Workaround: Exporting Google Documents as HTML with Image Hyperlinks

Gists

This is a sample script for exporting Google Documents as HTML with the image hyperlinks using Google Apps Script.

Recently, it seems that the specification for exporting Google Documents as HTML data has been changed. When a Google Document are exported as HTML data before, the images in the Google Document were the image hyperlinks, which are publicly shared. But, in the current stage, when a Google Document is exported as HTML data, the images in the Google Document are the data URL (base64 data) of the images. I guess that this might be related to enhancing the security. When the Google Document is exported as a ZIP file, the HTML and images are separated. But, in this case, the images are required to be included in a specific folder like “/images”. I’m worried that this might bring another issue.

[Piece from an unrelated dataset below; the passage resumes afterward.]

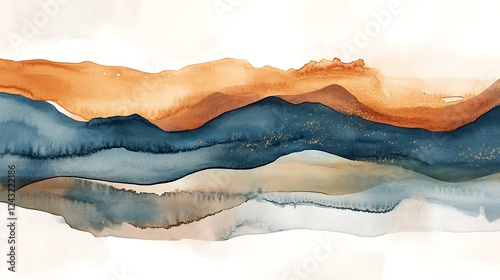 Abstract Watercolor Mountain Landscape in Earthy Tones and Blue Hues

From the above situation, in the current stage, when a Google Document including images is exported as HTML data, the size of the HTML data is large. For example, when this is used as an email, the cost of resources for emails becomes high.

In this post, I would like to introduce the method for exporting a Google Document as HTML with the image hyperlinks without using the data URLs using Google Apps Script.

In this case, there are 2 patterns.

Pattern 1:

In this pattern, the images in the Google Document are created as the image files in the specific folder. And, the image files are publicly shared and the webContentLinks of those images are used.

function sample1() {
  const folderId = "###"; // Please set the folder ID. The image files are put into this folder.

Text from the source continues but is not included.